Fair question. gogpu/wgpu existed for months before v0.8.0. Why did we ship 29 releases on go-webgpu first?

Because that was the plan.

go-webgpu wraps Rust's wgpu-native — a battle-tested GPU abstraction used by Firefox and dozens of production projects. When you're building a new ML framework from scratch, you don't want to debug your GPU backend and your tensor math at the same time. If training produces wrong gradients, is the bug in your autodiff engine or in your WebGPU implementation? With Rust wgpu-native underneath, we knew: the GPU layer works. Any bug is ours.

So we built Born v0.1 through v0.7 on a proven foundation. Tensor ops, autodiff, attention, Flash Attention, speculative decoding, ONNX import, GGUF loading — all validated against a GPU backend we could trust. By v0.7.16, Born had 1,394 tests, 3 external contributors, and real model training working.

Meanwhile, gogpu/wgpu was maturing through its own path — powering gogpu/gg (2D graphics library with GPU compute shaders), running real rendering workloads, stabilizing the Core API across Vulkan, Metal, DX12, and GLES.
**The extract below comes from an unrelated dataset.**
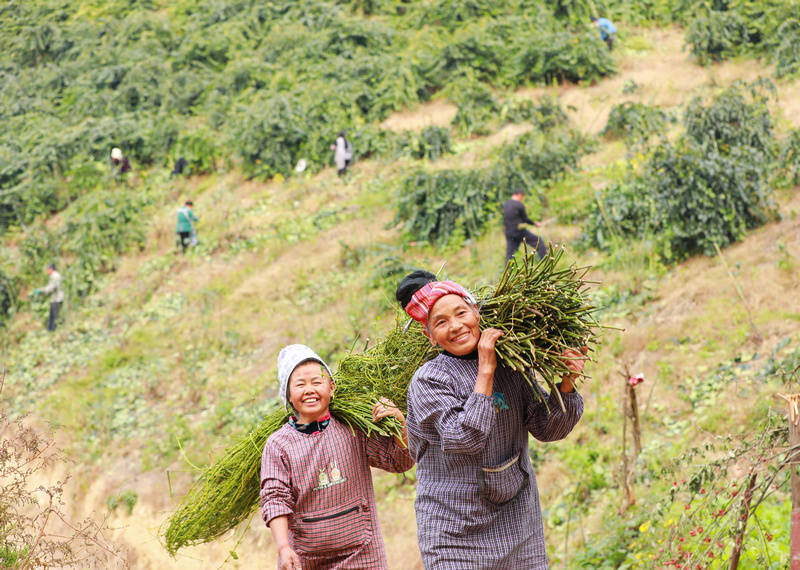 在省剑河县革东镇光条村,农户在搬运钩藤。剑河县融媒体中心供图

When both sides were proven, the migration became simple: we knew Born's code was correct, and we knew gogpu/wgpu's Core API was stable. Any bug found during migration was specifically a wgpu Go integration issue — easy to isolate, easy to fix.

That's exactly what happened. Five bugs, all in resource lifecycle. All fixed in days, not weeks.

Validate on proven foundation first. Swap the foundation second. This is not how you move fast. This is how you move right.


The Migration

Born v0.8.0 replaces go-webgpu with gogpu/wgpu — a pure Go WebGPU implementation from our own GoGPU ecosystem.

- github.com/go-webgpu/webgpu v0.4.1
+ github.com/gogpu/wgpu v0.26.8
Enter fullscreen mode Exit fullscreen mode

One line in go.mod. 27 files changed. 1,830 additions, 1,518 deletions.

What changed:

go-webgpu (before) gogpu/wgpu (after)
Implementation Rust wgpu-native via FFI Pure Go
CGO None (goffi) None
Runtime .dll/.so Required None
Build go build + download .dll go build. Period.
Vulkan/Metal/DX12 Via Rust Via Go
WGSL shaders Unchanged Unchanged
Control External project Our project

That last row matters. gogpu/wgpu isn't some random dependency — it's our project. When Born needs a WebGPU API change, we change it upstream. Both sides of the interface are under our control.


Five Bugs Nobody Told Us About

Swapping the GPU backend is like replacing a car engine while driving. Everything looks the same from the outside, but internally the timing, resource lifecycle, and synchronization are completely different.

We found five critical bugs during migration:

1. PipelineLayout Freed Too Early

Vulkan requires compute pipeline layouts to stay alive during SetBindGroup(). go-webgpu's internal reference counting kept them alive. gogpu/wgpu doesn't — you own your resources.

We fixed this by storing PipelineLayout alongside the pipeline in our cache.

2. Lazy Ops and the Destroy Queue

Born uses lazy evaluation — GPU ops chain without CPU sync. But when a tensor gets garbage-collected mid-chain, its buffer goes to the destroy queue. If the pending operations haven't submitted yet, the buffer is destroyed before the GPU reads it.

Fix: immediate submit for lazy ops. Every operation submits its command encoder before returning.

3. Buffer Copy Race

copyGPUBuffer (used by Data() to read results back to CPU) was queuing the copy but not submitting. The next operation might overwrite the source buffer before the copy executed.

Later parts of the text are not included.